Archive for October, 2006

50 Books For Everyone In the Game Industry

Wednesday, October 11th, 2006

For those with a bunch of Amazon gift certificates and a month to spare, here’s Next Generation’s list of 50 Books For Everyone In the Game Industry. I’ve read, what, four? Too bad I don’t have the month, or the gift certificates.

Single-channel DXT1 compression

Tuesday, October 3rd, 2006

I did some experiments recently with “fast” (runtime) compression of single-channel images into the green channel of DXT1 blocks (6 bits of
endpoint precision). We use the so-called splat mapping technique of terrain texturing, and the splat maps, which get regenerated every time something changes the terrain textures (e.g. your mouse moves in the editor, when the terrain texture brush is active), occupy 8 bits per pixel and are pretty large.

I tried the so-called “range fit“, where the extremal points of the
input luminance data are used for endpoints, which is very fast, but
produced 20 units of mean square error over my (admittedly unrealistic) purely random test image. (Here and below, the error unit = 1/255 of max possible value, so literally units in a 8-bit channel.) For comparison, the mean square error from simply encoding into 6 bits is around 2 units. What does “very fast” mean? Without any effort spent in making the code run faster, the straightforward range fit takes around 600 ns per DXT1 block, which would mean on the order of 40 ms for a 1024×1024 image, or 25 MB/sec, if that sounds more familiar to you. This probably can be improved at least twice, if you tinker with it. (All numbers taken on a 2 GHz Athlon64. Its official moniker is “X2 3800+”, but since my tests were single-threaded, the X2 doesn’t matter, and it probably would have been called “3000+” if it was a single-core CPU.)

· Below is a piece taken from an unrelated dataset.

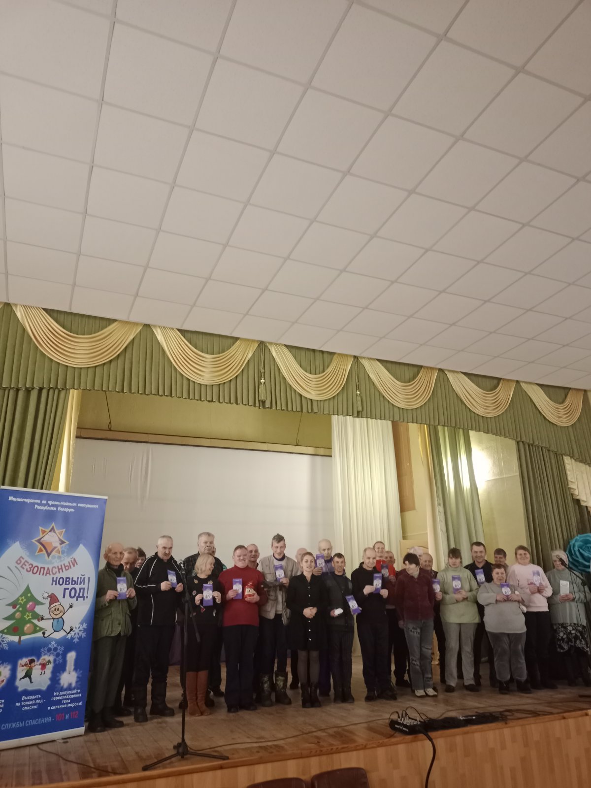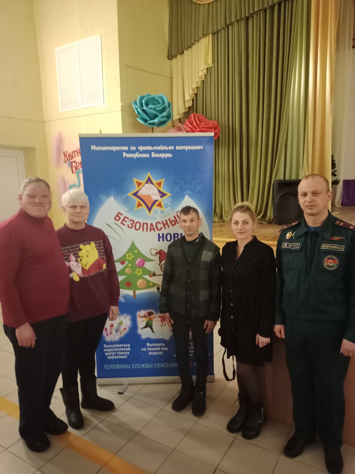 Новый год — один из самых любимых праздников у детей и взрослых. Но даже во время праздничного веселья не стоит забывать о безопасности. Чтобы рождественские и новогодние праздники не были омрачены пожарами и другими чрезвычайными ситуациями 16 декабря в ГУ «Пуховичский психоневрологический дом- интернат для престарелых и инвалидов» совместно с Пуховичским МЧС Минской области проведена викторина «Безопасный Новый год , показ тематического фильма о правилах безопасности «Пиротехника — серьезный источник опасности» Сотрудники МЧС так же провели беседу о правилах поведения на льду, эксплуатации электрооборудования, напомнили о последствиях использования хлопушек петард. Примечательно, что серьезный разговор прошел в игровой форме и все участники получили буклеты «Безопасный Новый год»

I tried brute force search, where all 4096/2 combinations of endpoints
are used, which produced around 15 units of MSE, but was very, very
slow.

Next I tried brute forcing not the entire endpoint space, but just
“wobbling” the endpoints around the extremal points of the input
range; varying the amplitude of this wobbling exhibited the typical
“90% of the benefit for 10% of the effort” curve with the sweet spot
around 8 units of the 6-bit endpoint range producing 15-ish MSEs for
less than 10% of the brute force time.

Of course, you wouldn’t want to compress purely random data; on reasonable images, like a splatmap, or the luminance channel of a diffuse color texture, the numbers are much, much more reasonable: 2.25 units of MSE for 6-bit luminance; 4.6 units of MSE for range fit into DXT1, which is virtually instant; and 3.4 units of MSE for brute force DXT1 search, which takes forever. Again, 8 units of “wobbling” the endpoints gets you within 1% of the MSE for 10% of the running time of the brute force search.

Moral of the story: it’s perfectly reasonable to compress single-channel images into DXT1 at runtime using the range fit algorithm. If you need better results, you can look several steps around the range fit endpoints. And, by the way, the x64 versions ran about 5% faster.

Update: Range fit on the X2 3800+ reaches 75 MB/s, not 25.